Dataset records
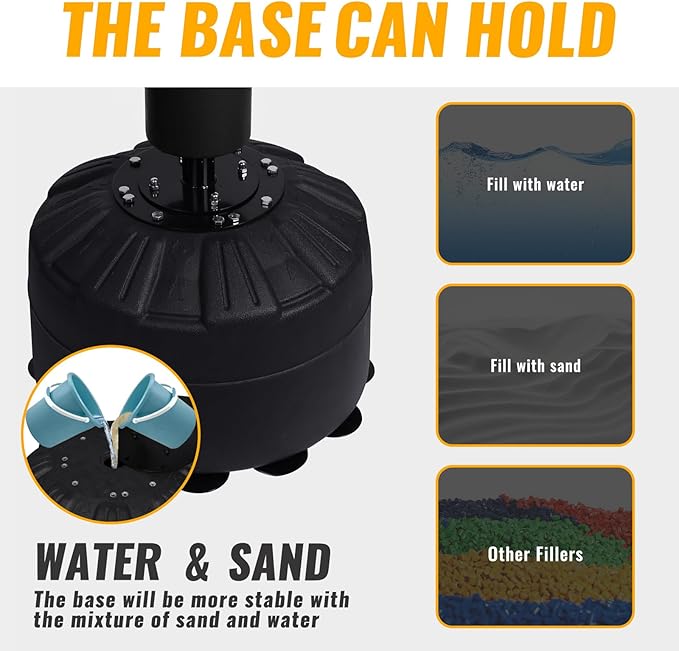 - Large & Stable Barrel Base: The 19''/50cm diameter barrel base is stable and can be filled with water or sand. Equipped with 12 suction cups to prevent floor scratching and minimize shaking on any smooth surface like tiles, wooden boards, or concrete floors.
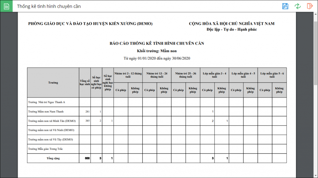 - Mục đích: giúp cán bộ PGD theo dõi tình hình chuyên cần của trẻ, đảm bảo duy trì sĩ số.
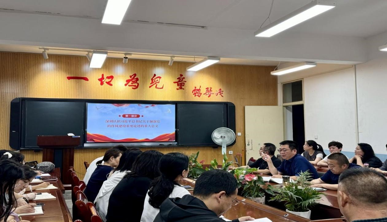 李开明以《深入学习贯彻习近平总书记作风建设论述推进教育高质量发展》为题讲授专题党课。他从深刻认识习近平总书记关于加强党的作风建设重要论述的重大意义、深刻把握习近平总书记关于加强党的作风建设重要论述的丰富内涵、扎实推动深入贯彻中央八项规定精神学习教育取得成效三个方面进行了系统深入阐释。最后,结合公司发展,要求大家:一是强化学习,持续深化对中央八项规定精神的学习领会;二是加强专业建设,以“以评促建、以评促改、以评促强”为抓手,提升人才培养质量;三是转变作风:坚决杜绝“躺平”心态,鼓励全体教职工积极探索专业建设新路径,要求公司领导班子发挥带头作用;四是锤炼师德,打造风清气正的育人环境。
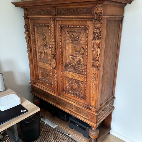 Antik barok træskab med detaljerede, udsmykkede paneler og udskæringer. Skabet har en mørk træfinish og er konstrueret i massivt træ. Designet indeholder geometriske mønstre på dørene og dekorative elementer øverst. Skabet er velegnet til opbevaring i stuer eller spisestuer og har en robust og solid konstruktion.
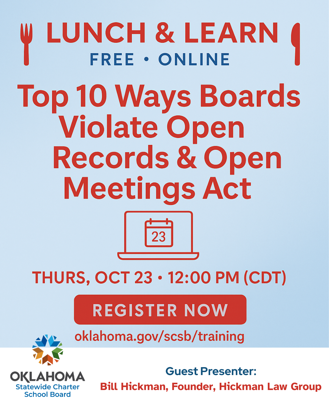Interested in being a sponsor for the 2026 conference? Contact Shelly Hickman at shelly.hickman@scsb.ok.gov.
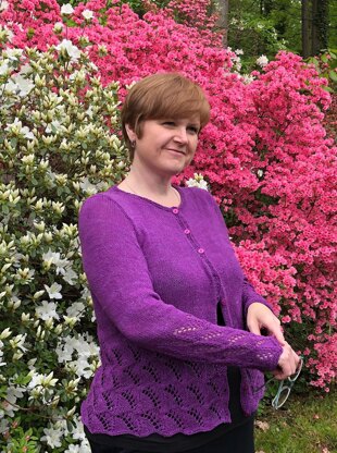 Yarn: Dragonfly Fibers Dance Rustic Silk, 100% Silk; 450 yards/4 oz, 2(2, 2, 3, 3, 3) skeins. Sample knit in Heliotrope.

[WHAT TO WORK ON]
Take the line with "Interested in being" and every line after it through the end of the data, and write only them out exactly, leaving out the pictures.

[RESULT FOR THIS TASK]
Interested in being a sponsor for the 2026 conference? Contact Shelly Hickman at shelly.hickman@scsb.ok.gov.
 Yarn: Dragonfly Fibers Dance Rustic Silk, 100% Silk; 450 yards/4 oz, 2(2, 2, 3, 3, 3) skeins. Sample knit in Heliotrope.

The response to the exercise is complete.